Now there are 12 official Docker base images, and, more importantly, you can build your own on top of them. That single change opens the door to a class of problems that pip install was never designed to solve: compliance requirements, offline environments, native binaries, enterprise certificates, and internal packages that need to be locked and audited before they ever touch a cluster.
The 12 Official Base Images
Let’s look at the list of 12 images that you can find at https://hub.docker.com/u/databricksruntime
databricksruntime/standard → General-purpose runtime, the familiar default.
databricksruntime/minimal → Smallest image; ideal when you want to control exactly what's included.
databricksruntime/python → Python-focused
databricksruntime/rbase → R-focused
databricksruntime/dbfsfuse → Base image with DBFS FUSE support; relevant when filesystem-style DBFS access is needed
databricksruntime/environment → Matches serverless environments; also available for standard compute
databricksruntime/air → AI runtime
databricksruntime/blackice → AI security runtime
databricksruntime/gpu-base → General GPU compute
databricksruntime/gpu-pytorch → GPU optimized for PyTorch
databricksruntime/gpu-tensorflow → GPU optimized for TensorFlow
databricksruntime/gpu-rapids → GPU analytics workloads using RAPIDS
The minimal image is worth calling out: if you want full control over your runtime dependencies, start there rather than stripping down standard.
How to Build a Databricks Docker Image
Prerequisites
Install Docker.
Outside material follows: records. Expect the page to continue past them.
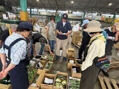 地場産(庄内)の野菜を配列したせり人が移動してせりにかける。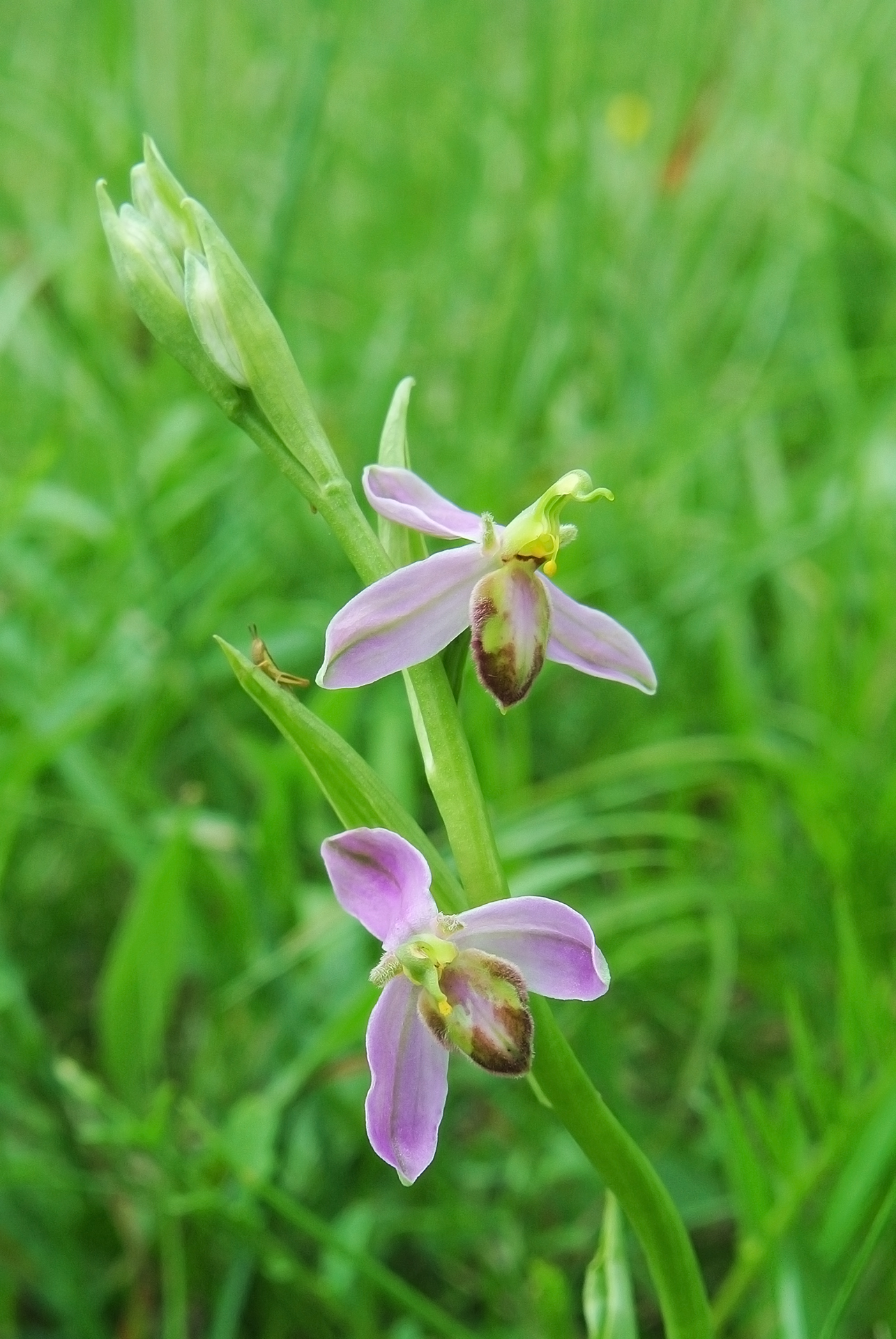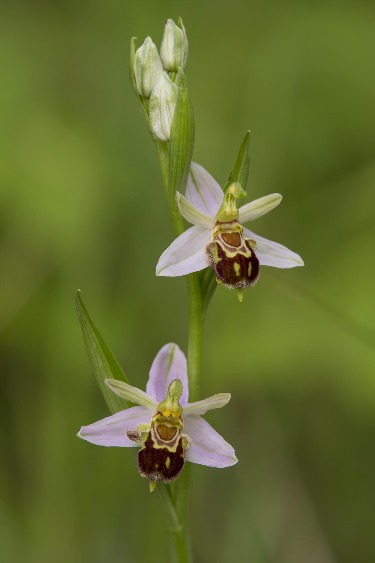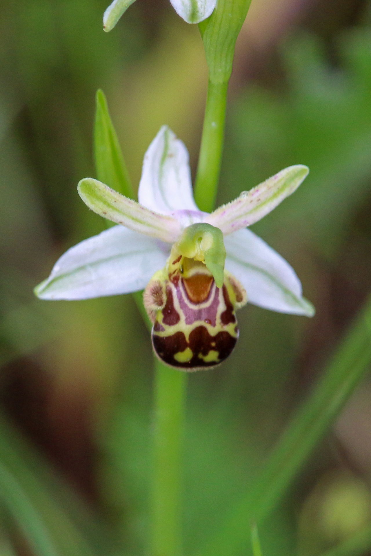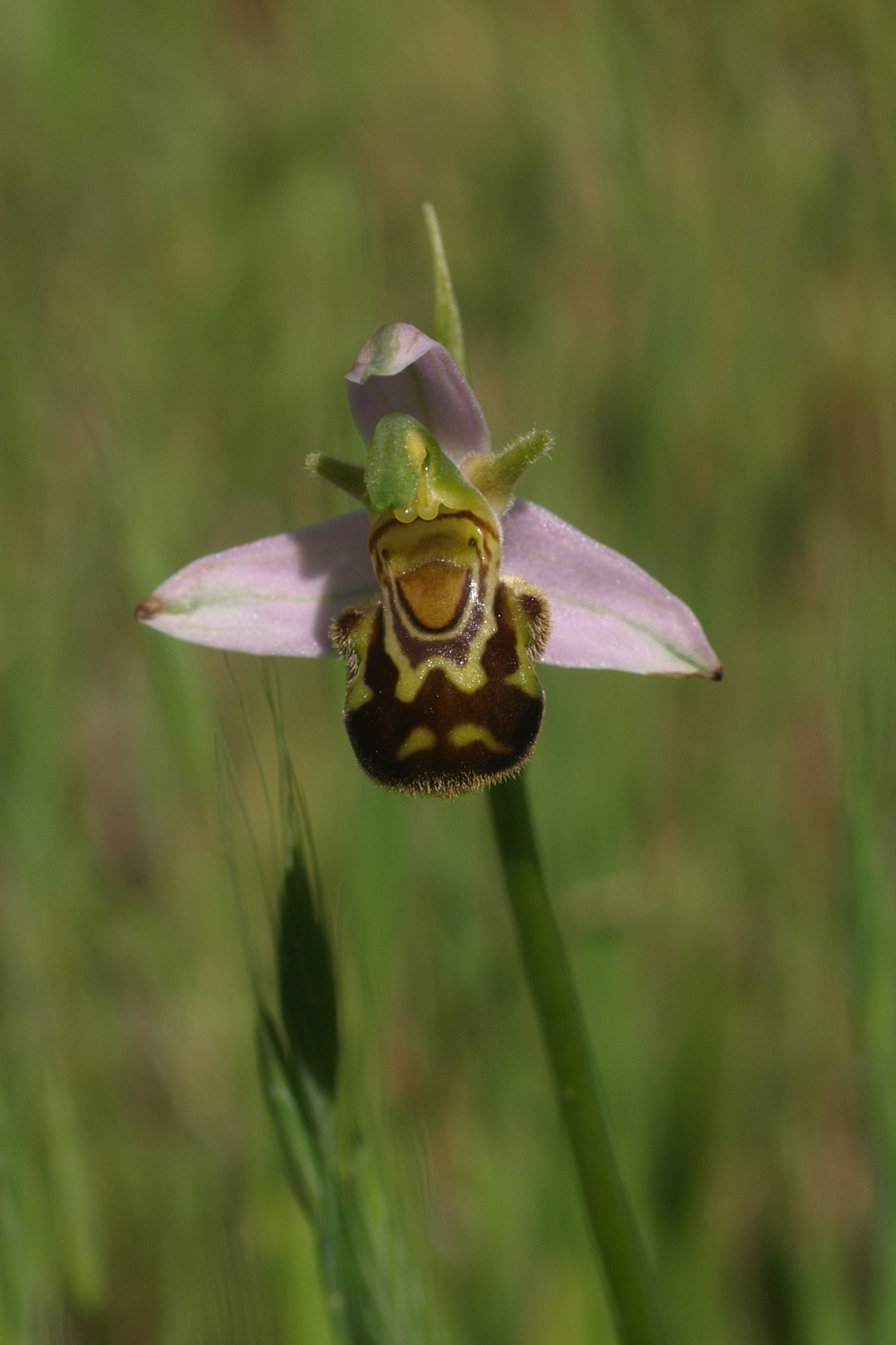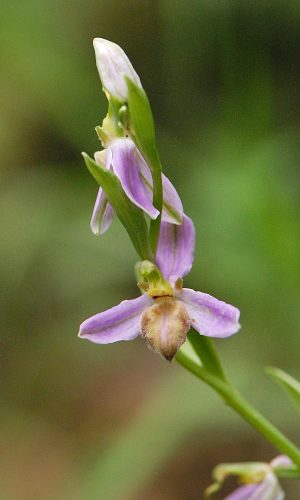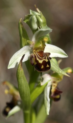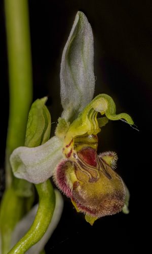 Sepali ovato-lanceolati (11-17 × 5-9 mm), bianchi, rosei o violaceo-porporini, con nervatura mediana verde, il dorsale eretto e poi decisamente ripiegato all’indietro; petali piccoli e molto corti (1-3 × 1 mm), vagamente triangolari, diretti in avanti, ottusi, pelosi, verdastri, talvolta con sfumature brune o rossastre. Labello piuttosto piccolo rispetto ai sepali, vellutato, bruno rossastro o bruno scuro, trilobato alla base, con lobi laterali ridotti a gibbe, piccoli, conici e molto pelosi, e lobo mediano tondeggiante, globoso, decisamente convesso, con margini revoluti; macula piccola e poco elaborata, limitata alla parte basale del labello, bruno-violacea, con ampio bordo bianco-giallastro, campo basale ben delimitato, a tinte bruno-aranciate più o meno intense; pelosità submarginale rasa, bruno-chiara; pseudo-occhi verdastri; apicolo triangolare, rivolto in basso o all’indietro e quindi poco visibile; ginostemio molto allungato e sinuoso; masserelle polliniche discendenti in breve tempo ad appoggiarsi sullo stigma per il ripiegamento delle lunghe caudicole (pianta regolarmente autogama).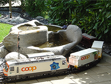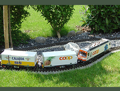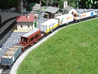 Die Werbung für Coop kommt beim Kurzzug mit der Coop-Lok so richtig zur Geltung. |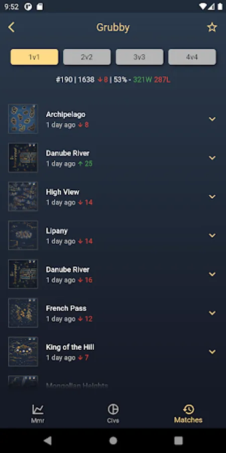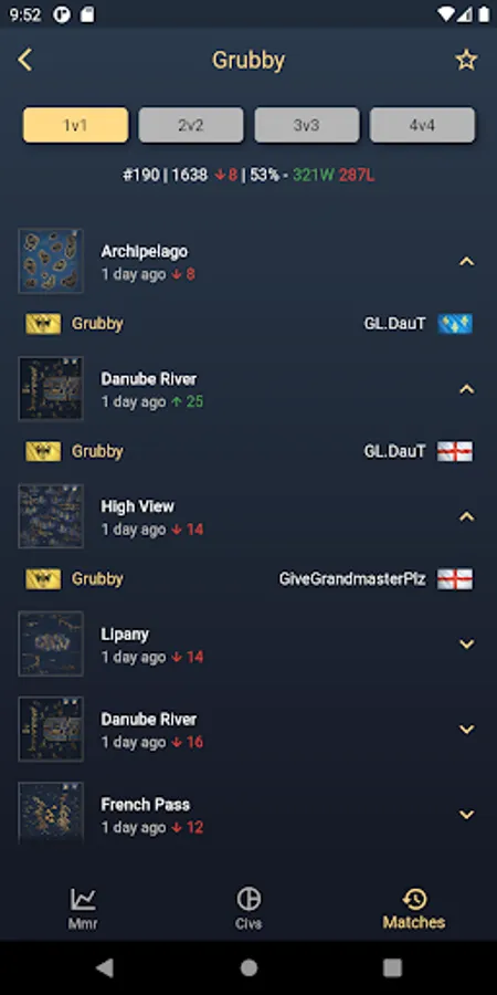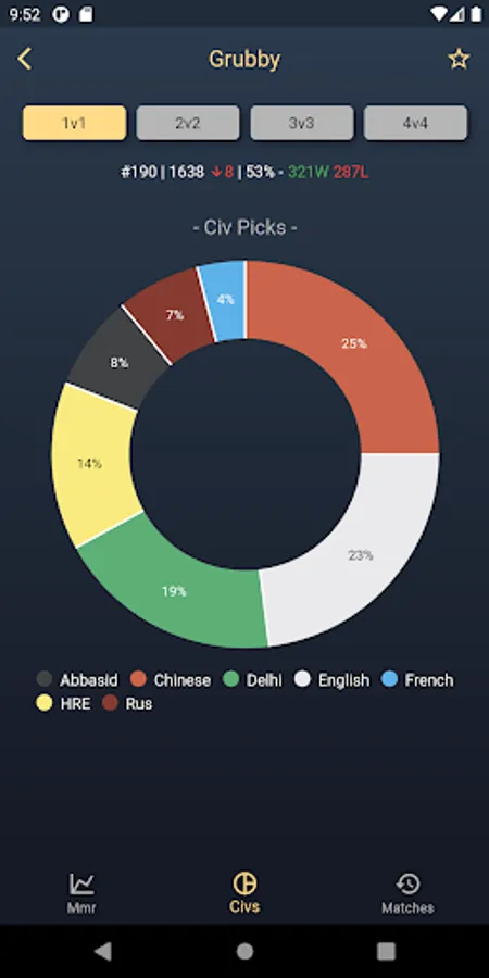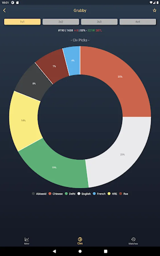 You can also check the players favorite civ picks in the respective game modes. Additionally you can check a players match history.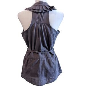Plains & Prints Pleated Tie Waist Ruffle Top Size 4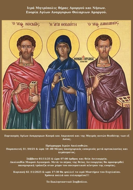 Με λαμπρότητα θα πραγματοποιηθεί και φέτος ο εορτασμός των Αγίων Αναργύρων Κοσμά και Δαμιανού και της μητρός αυτών Θεοδότης των εξ Ασίας.
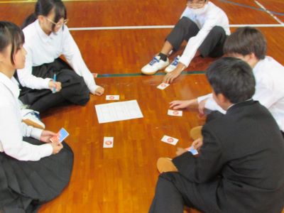 11月10日(月)6限目、三重県教育委員会事務局 学校防災アドバイザーの辻川 才太さんを講師に迎え、1年生の防災学習を行いました。「クロスロード」の手法を用いて意見交換を行うことにより、災害時の対応について考えました。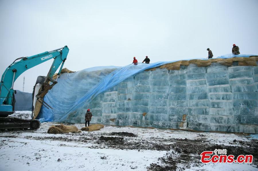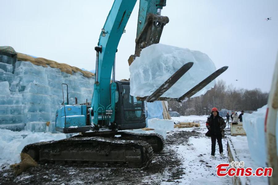 A machine removes ice cubes ahead of the construction of the 26th Harbin Ice-Snow World in Harbin, northeast China's Heilongjiang Province, Nov. 26, 2024. (China News Service/Yu Kun)

On Windows, the Linux Subsystem helps:
wsl --install
Create a Dockerfile
The example below builds on the standard runtime, installs the DuckDB CLI, and copies a test file into the image:
FROM databricksruntime/standard:16.4-LTS
USER root
RUN apt-get update && apt-get install -y --no-install-recommends \
jq \
ripgrep \
unixodbc \
curl \
ca-certificates \
unzip \
&& rm -rf /var/lib/apt/lists/*
# Install DuckDB CLI manually
ARG DUCKDB_VERSION=1.4.4
RUN curl -L \
"https://github.com/duckdb/duckdb/releases/download/v${DUCKDB_VERSION}/duckdb_cli-linux-amd64.zip" \
-o /tmp/duckdb.zip \
&& unzip /tmp/duckdb.zip -d /usr/local/bin \
&& chmod +x /usr/local/bin/duckdb \
&& rm /tmp/duckdb.zip
COPY hello.txt /opt/demo/hello.txt
RUN chmod 644 /opt/demo/hello.txt
RUN duckdb --version
Build and test locally
docker buildx build --platform linux/amd64 -t hdudek/dbx-hello-container:0.1 .
Run DuckDB directly in the container to verify:
docker run --rm hdudek/dbx-hello-container:0.1 \ duckdb -c "select 42 as answer, current_date as run_date;"
Push to a registry
Docker Hub requires a higher-tier plan for production use. Consider an alternative container registry if that's a constraint.
Enable custom containers in Databricks
databricks workspace-conf set-status --json '{"enableDcs": "true"}'
Then, in your cluster's Advanced Settings, set the Docker Image URL and set Access mode to Dedicated.
Verify on the cluster
Confirm the file you included in the image is accessible from a notebook:
And run the DuckDB command:
Nine Production Use Cases
1. Golden runtime for regulated environments
A custom container can serve as your team's approved runtime: labeled, built in CI, scanned, and promoted across environments. The image becomes the audit artifact.
FROM databricksruntime/standard:16.4-LTS LABEL owner="data-platform" LABEL purpose="approved-databricks-runtime-demo" LABEL version="2026.05.27"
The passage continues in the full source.